### WHAT YOU WILL DO
Your answer should hold the data exactly as given, minus any picture.
(Beginning of PROVIDED RECORDS)
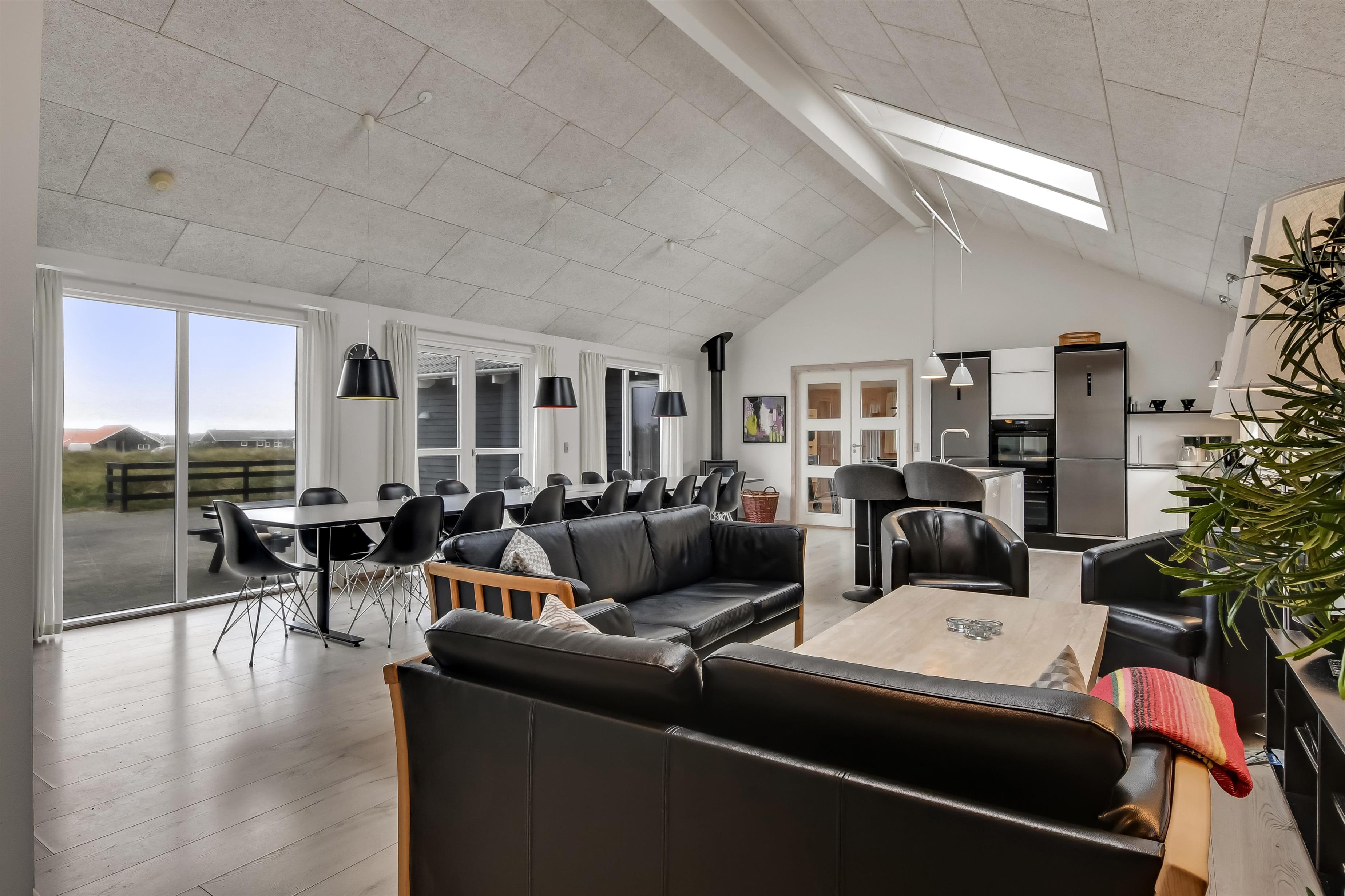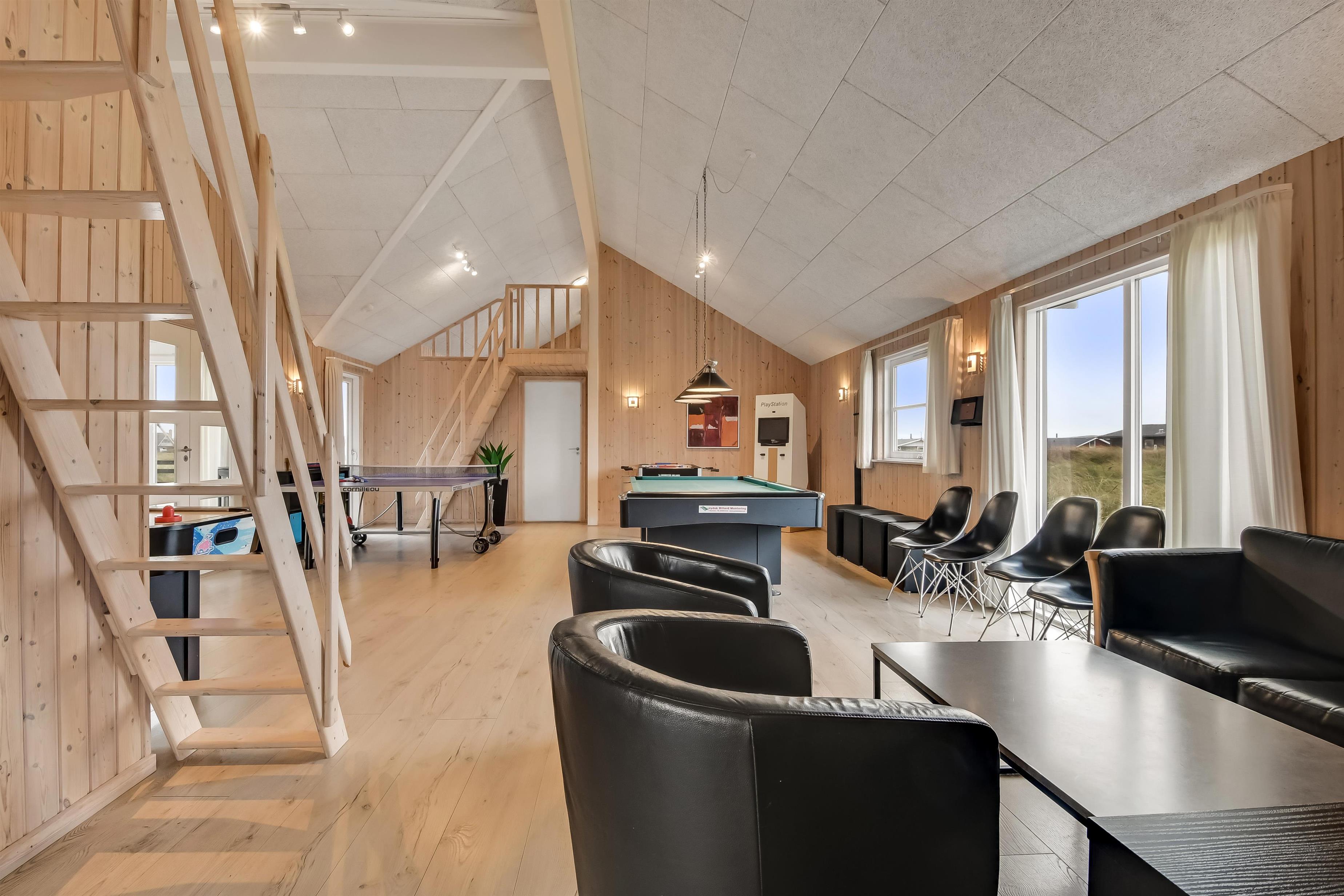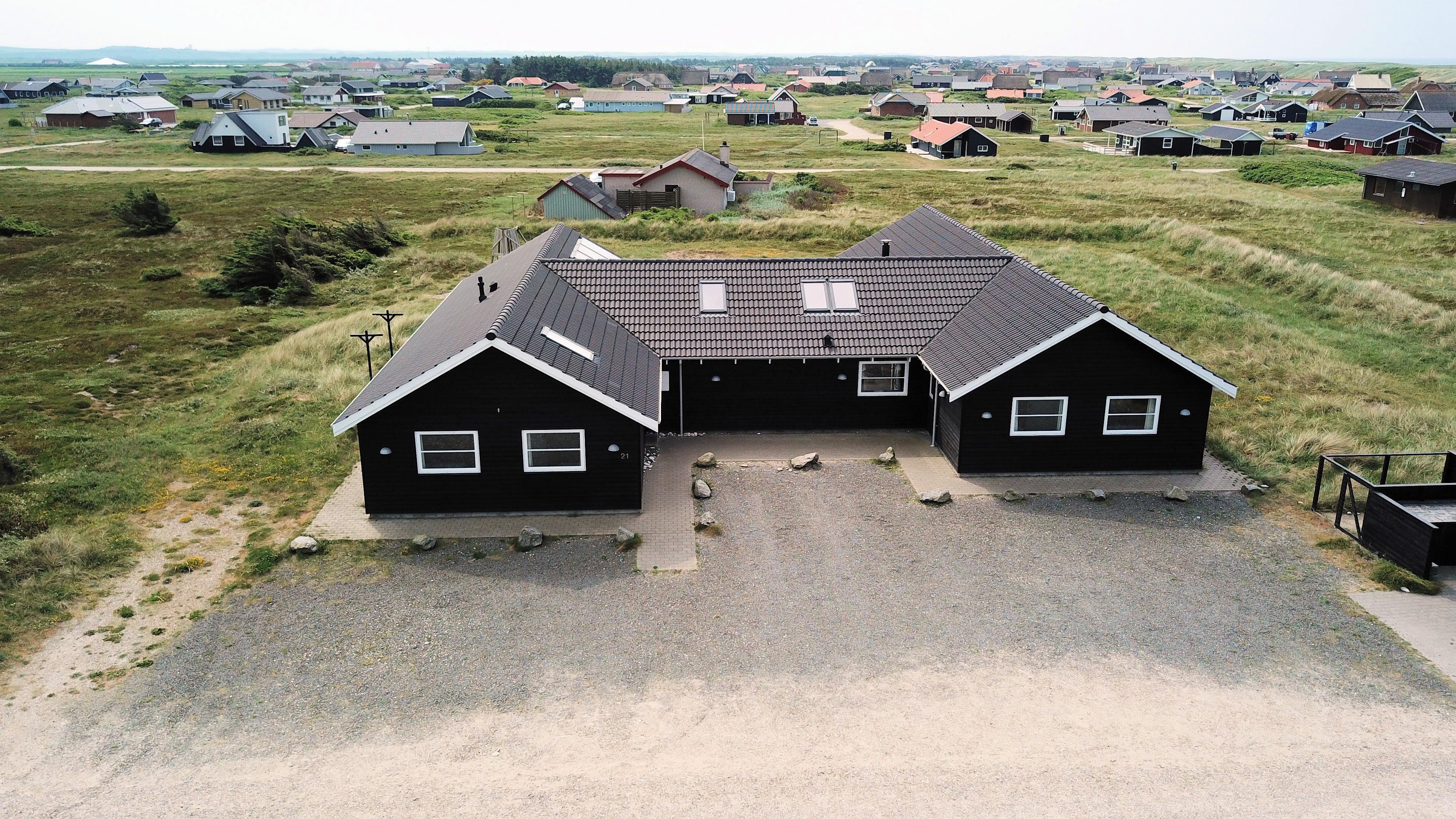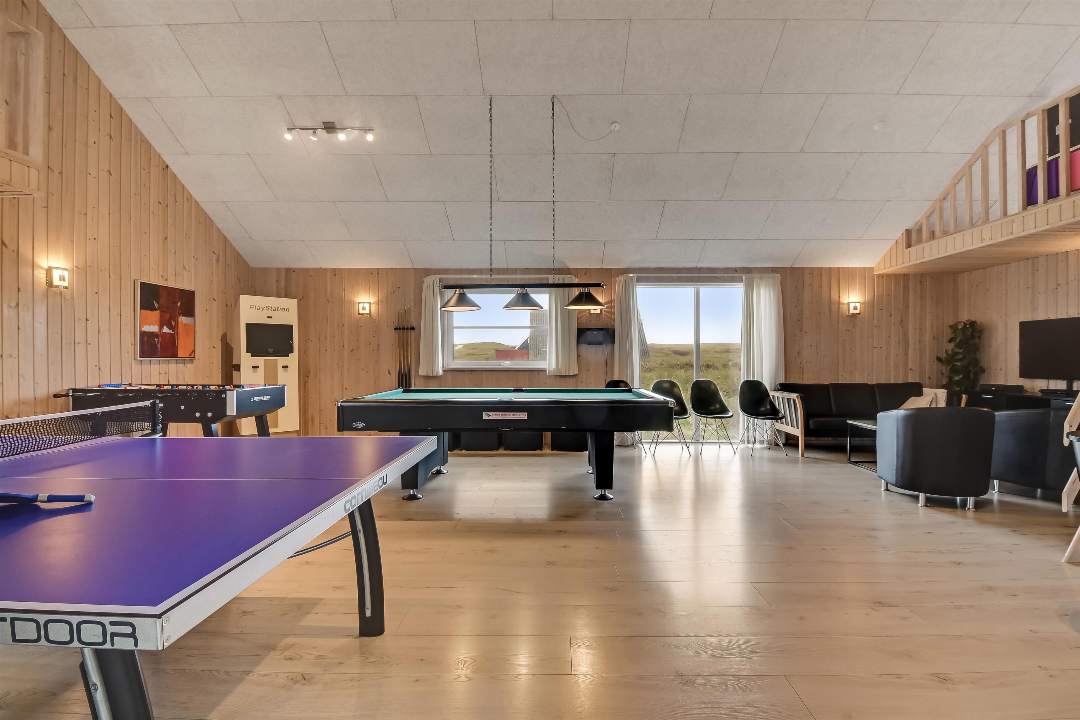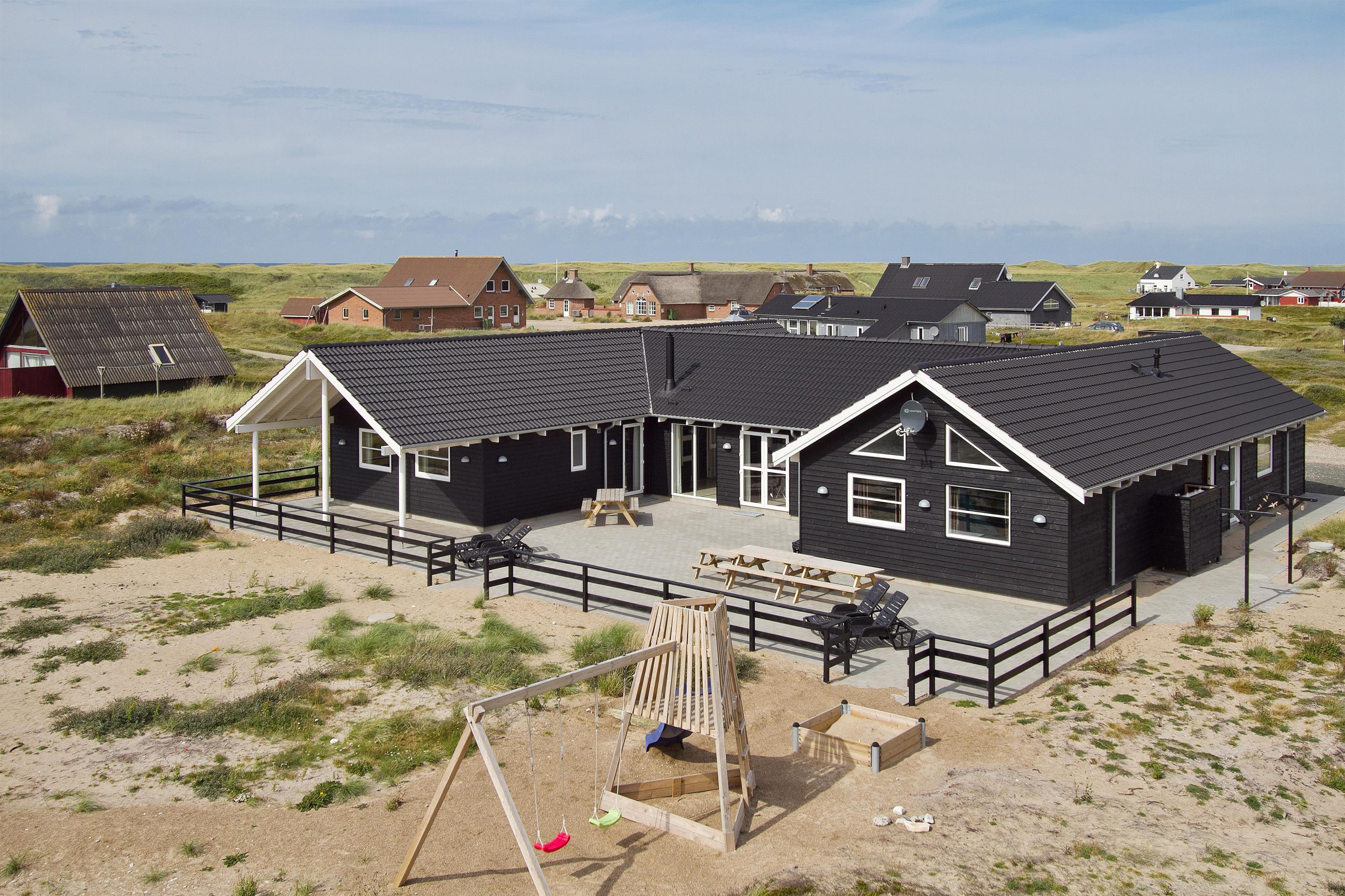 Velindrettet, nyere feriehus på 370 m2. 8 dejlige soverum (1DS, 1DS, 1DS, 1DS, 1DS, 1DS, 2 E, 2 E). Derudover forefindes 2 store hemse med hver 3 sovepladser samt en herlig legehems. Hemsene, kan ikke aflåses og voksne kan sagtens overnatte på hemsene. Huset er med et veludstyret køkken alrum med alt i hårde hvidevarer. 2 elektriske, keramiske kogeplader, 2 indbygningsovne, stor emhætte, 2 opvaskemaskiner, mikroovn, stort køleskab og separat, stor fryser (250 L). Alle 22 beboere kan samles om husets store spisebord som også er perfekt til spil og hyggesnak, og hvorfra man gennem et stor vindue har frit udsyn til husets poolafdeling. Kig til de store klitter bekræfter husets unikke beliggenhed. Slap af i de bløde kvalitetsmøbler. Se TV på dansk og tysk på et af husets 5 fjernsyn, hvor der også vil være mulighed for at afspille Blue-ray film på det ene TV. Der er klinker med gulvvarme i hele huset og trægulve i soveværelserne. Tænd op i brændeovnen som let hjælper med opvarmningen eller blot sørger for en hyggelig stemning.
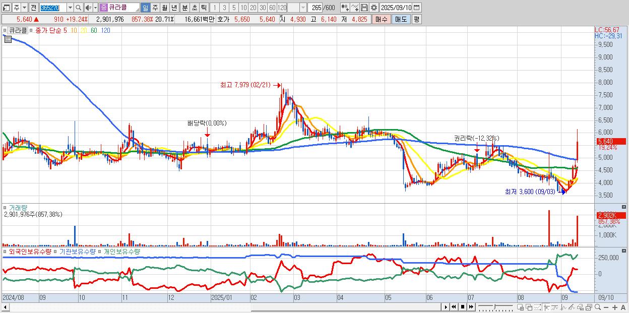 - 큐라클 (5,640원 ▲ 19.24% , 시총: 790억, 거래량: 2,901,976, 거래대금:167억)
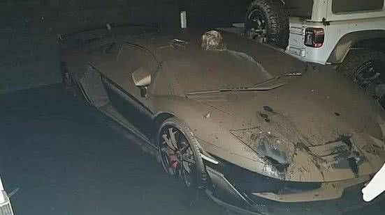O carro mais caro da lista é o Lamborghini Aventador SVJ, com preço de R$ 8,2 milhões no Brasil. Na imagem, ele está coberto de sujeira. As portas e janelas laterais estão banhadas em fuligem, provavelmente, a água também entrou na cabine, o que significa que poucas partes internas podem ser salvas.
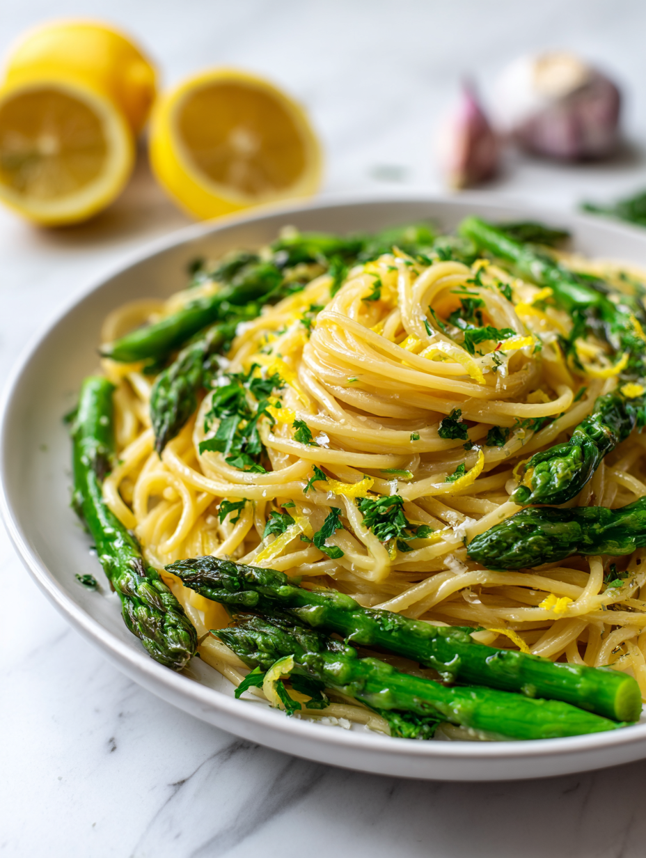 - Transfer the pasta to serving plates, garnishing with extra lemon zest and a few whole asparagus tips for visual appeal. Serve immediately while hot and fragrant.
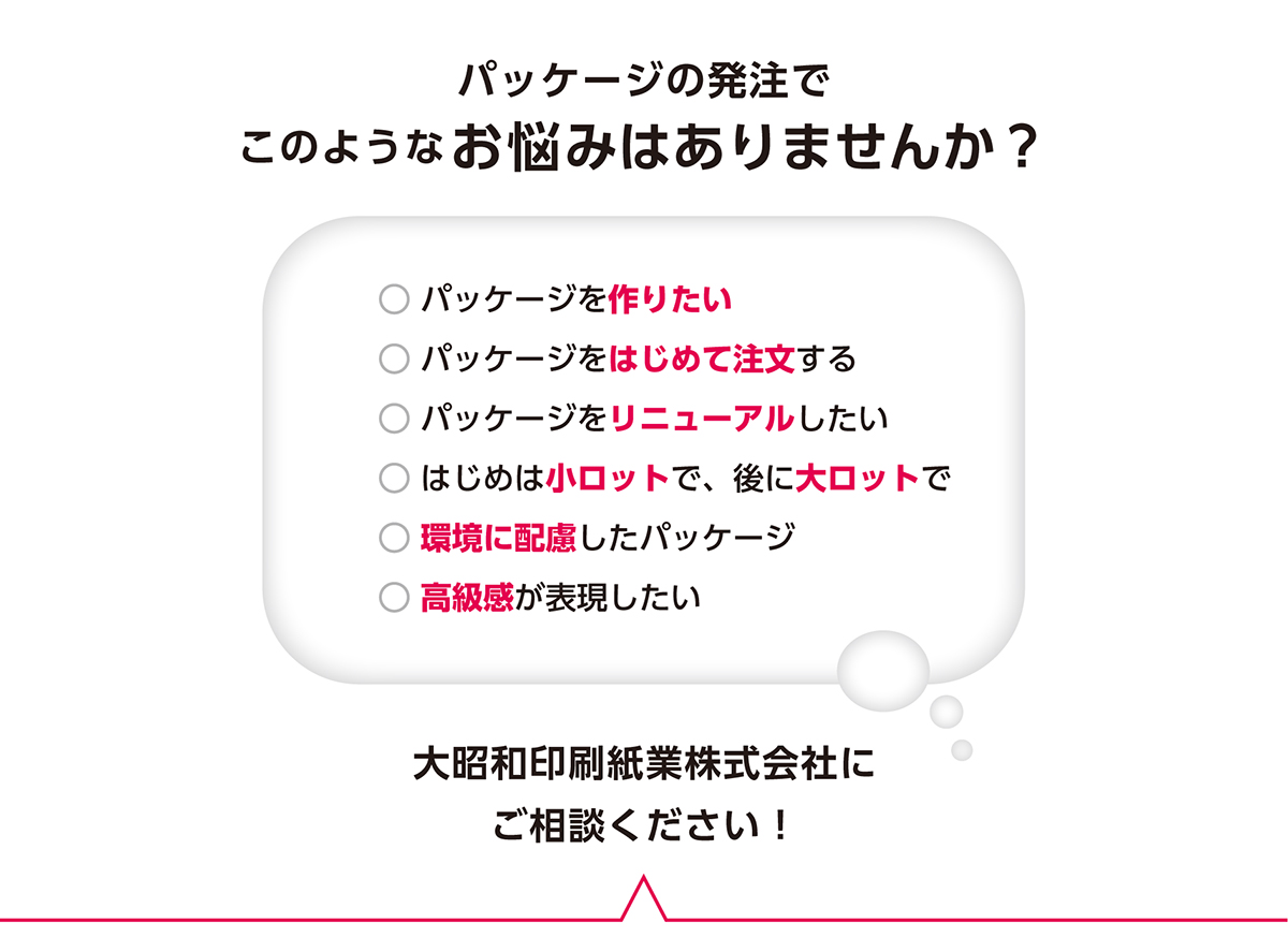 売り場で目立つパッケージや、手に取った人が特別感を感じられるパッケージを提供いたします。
(End of PROVIDED RECORDS)
### COMPLETED TASK
 Velindrettet, nyere feriehus på 370 m2. 8 dejlige soverum (1DS, 1DS, 1DS, 1DS, 1DS, 1DS, 2 E, 2 E). Derudover forefindes 2 store hemse med hver 3 sovepladser samt en herlig legehems. Hemsene, kan ikke aflåses og voksne kan sagtens overnatte på hemsene. Huset er med et veludstyret køkken alrum med alt i hårde hvidevarer. 2 elektriske, keramiske kogeplader, 2 indbygningsovne, stor emhætte, 2 opvaskemaskiner, mikroovn, stort køleskab og separat, stor fryser (250 L). Alle 22 beboere kan samles om husets store spisebord som også er perfekt til spil og hyggesnak, og hvorfra man gennem et stor vindue har frit udsyn til husets poolafdeling. Kig til de store klitter bekræfter husets unikke beliggenhed. Slap af i de bløde kvalitetsmøbler. Se TV på dansk og tysk på et af husets 5 fjernsyn, hvor der også vil være mulighed for at afspille Blue-ray film på det ene TV. Der er klinker med gulvvarme i hele huset og trægulve i soveværelserne. Tænd op i brændeovnen som let hjælper med opvarmningen eller blot sørger for en hyggelig stemning.
 - 큐라클 (5,640원 ▲ 19.24% , 시총: 790억, 거래량: 2,901,976, 거래대금:167억)
O carro mais caro da lista é o Lamborghini Aventador SVJ, com preço de R$ 8,2 milhões no Brasil. Na imagem, ele está coberto de sujeira. As portas e janelas laterais estão banhadas em fuligem, provavelmente, a água também entrou na cabine, o que significa que poucas partes internas podem ser salvas.
 - Transfer the pasta to serving plates, garnishing with extra lemon zest and a few whole asparagus tips for visual appeal. Serve immediately while hot and fragrant.
 売り場で目立つパッケージや、手に取った人が特別感を感じられるパッケージを提供いたします。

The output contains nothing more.